Though CTD ultimately made the decision to sue, syndicators generally have not embraced that strategy.
“This is a whole new way of doing business. In the past, television stations were like dealing with banks—they were solid as a rock. But with this economic downturn, that's no longer the case,” says one executive. “Now, it's incumbent on us to be creative and help these TV stations get healthy because that's our business.”
Adds Chuck Larsen, president of October Moon Strategies, “Lawsuits are of little help if the stations don't have the money. It's normally not a good idea to put your clients out of business. Studios understand the financial issues stations are facing, and are trying to work with stations as much as they can.”

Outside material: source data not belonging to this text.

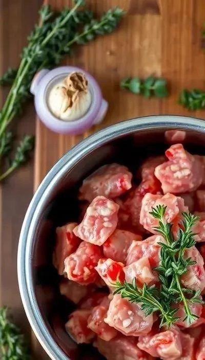 Пропорции: На 500 грамм фарша достаточно 1-2 чайных ложек сушеного тимьяна или 1-2 столовых ложек свежего, мелко нарезанного. Не переборщите, чтобы тимьян не перебил вкус свинины.
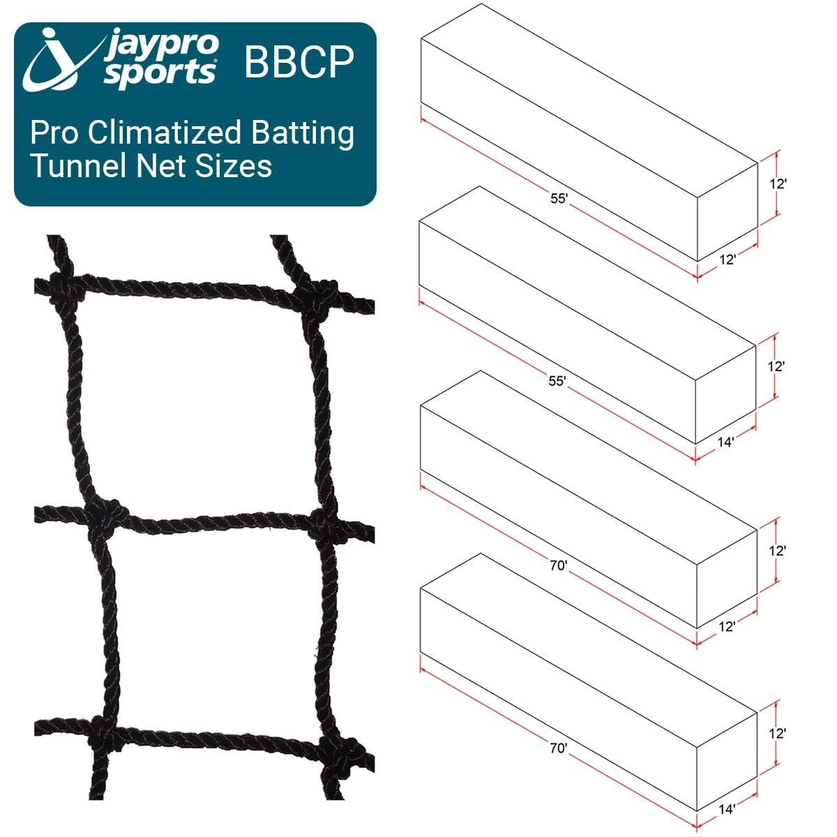 Complete your batting cage with Jaypro’s Pro Climatized batting tunnel net. The Pro Climatized net is constructed of #42 thread count, 1-3/4″ square nylon mesh that is twisted and knotted for extra durability. The perimeters and corners of the net are sewn together and bound to a polypropylene rope to prevent fraying. Perfect for outdoor use, the Pro Climatized net is weather resistant and UV protected to prevent fading from the sun. This lightweight, yet durable net is comprised of high tenacity nylon fibers that are resistant to abrasion. This batting tunnel net is sized large enough to allow approximately 1 foot of netting to lay on the ground when the cage is in use. The Pro Climatized batting cage net is backed by a 1 year limited warranty.
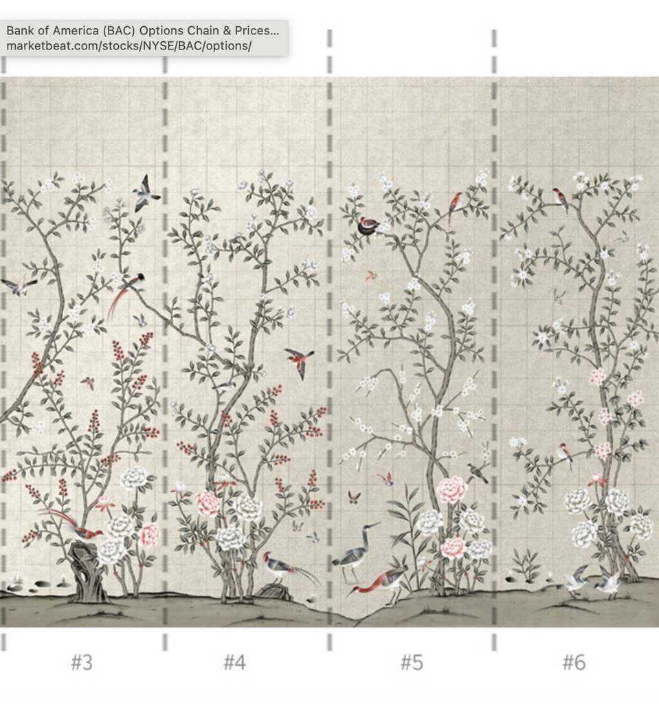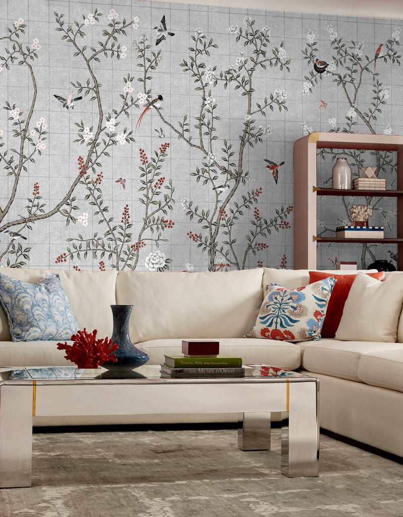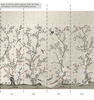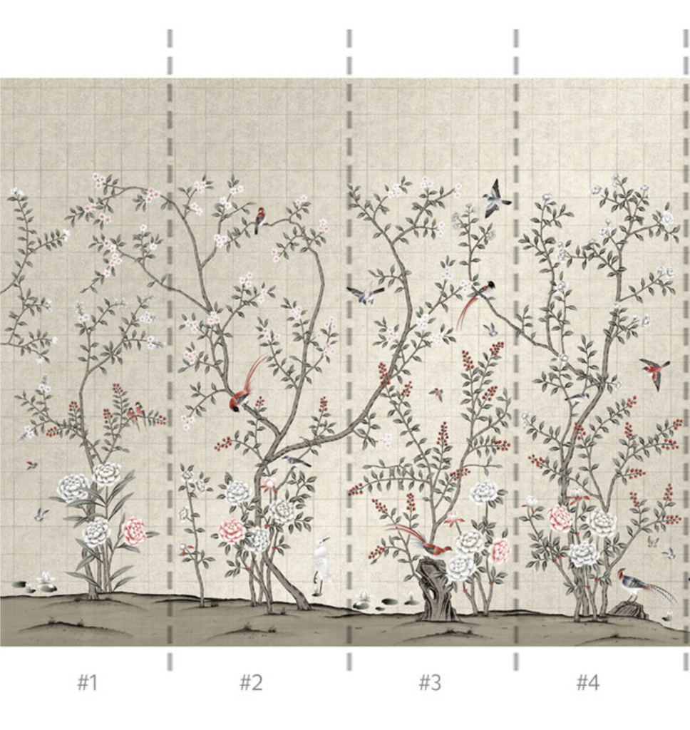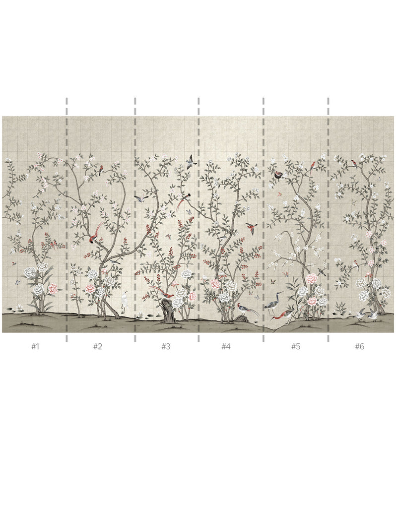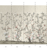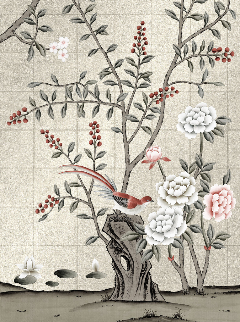 Nanjingis a chinoiserie mural featuring a golden scene with pastel peonies and colorful birds gathered around a peaceful pond. 6 Panels Available in Full Length/Headers/Footers, Sold in individual Panels, Width: 36", Design Height: 120", Total Height: 98", Nanjing Silver,Paul Montgomery Studios
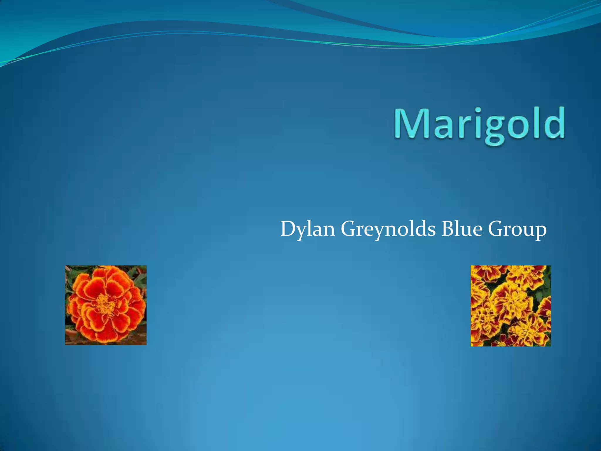 The marigold flower grows one to two feet tall, is orange and yellow in color, and smells bad to repel insects. It thrives in rich, well-drained soil in a tropical climate with full sun and water. Marigolds can treat conjunctivitis, eczema, gastritis, minor burns and warts, and protect cells from chemical damage. They also help treat some skin diseases when grown properly with many blooms and branches.
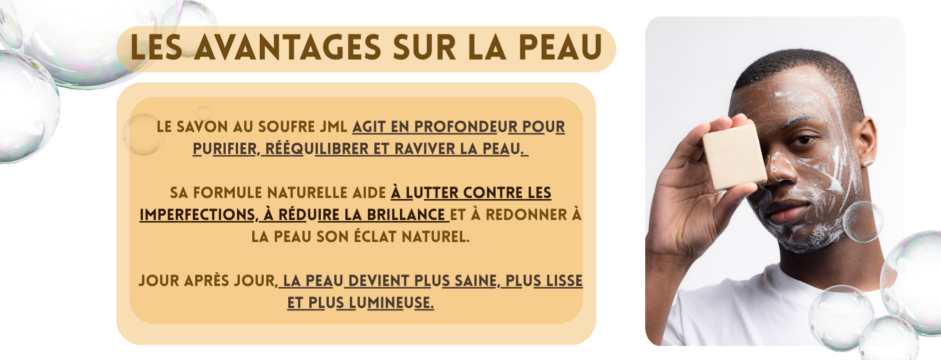 Le Savon au Soufre JML est un soin purifiant et rééquilibrant conçu pour les peaux sujettes aux imperfections.
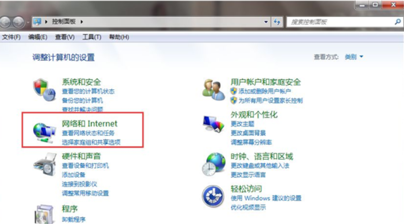 打开win7控制面板,点击进入【网络和internet】;

Overall, 5% of commercial stations are in bankruptcy, according to John Feore, a communications attorney at the law firm of Dow Lohnes, during a panel at the National Association of Broadcasters convention in April.
E-mail comments to email@example.com
This dispute will likely lead to one major change in the way television program syndication is handled:
This may well be the end of the era where stations pay cash for syndicated programming.
I'm beginning to think that from in the future, all TV program syndication will be "pure" barter, where the station gets the show free, but the producer or syndicator sells commercial time in the show that every subscribing station must air during the show.
This way, stations don't pay out huge amounts of money for syndicated fare and thus, a situation like the dispute between WLNE and CBS Television Distribution is avoided.
Otherwise, disputes like the one between WLNE and CBSTD will continue to arise.
Joseph Gallant - 6/22/2009 3:07:49 PM EDT
One thing the article failed to mentin is bankruptcy leads to more. Suppose three stations in one market all compete and are roughly the same. They all have a million dollars in debt. If two are having issues and go bankrupt and re-organize their debt so they pay it off pennies on the dollar. Now the third station who didn't declare bankruptcy is at a disadvantage. The two bankrupt station now have lots of free money to buy things, pay staff, so the third station follows suit to be able to compete. I'll admit I oversimplified this for an example but you see how it works.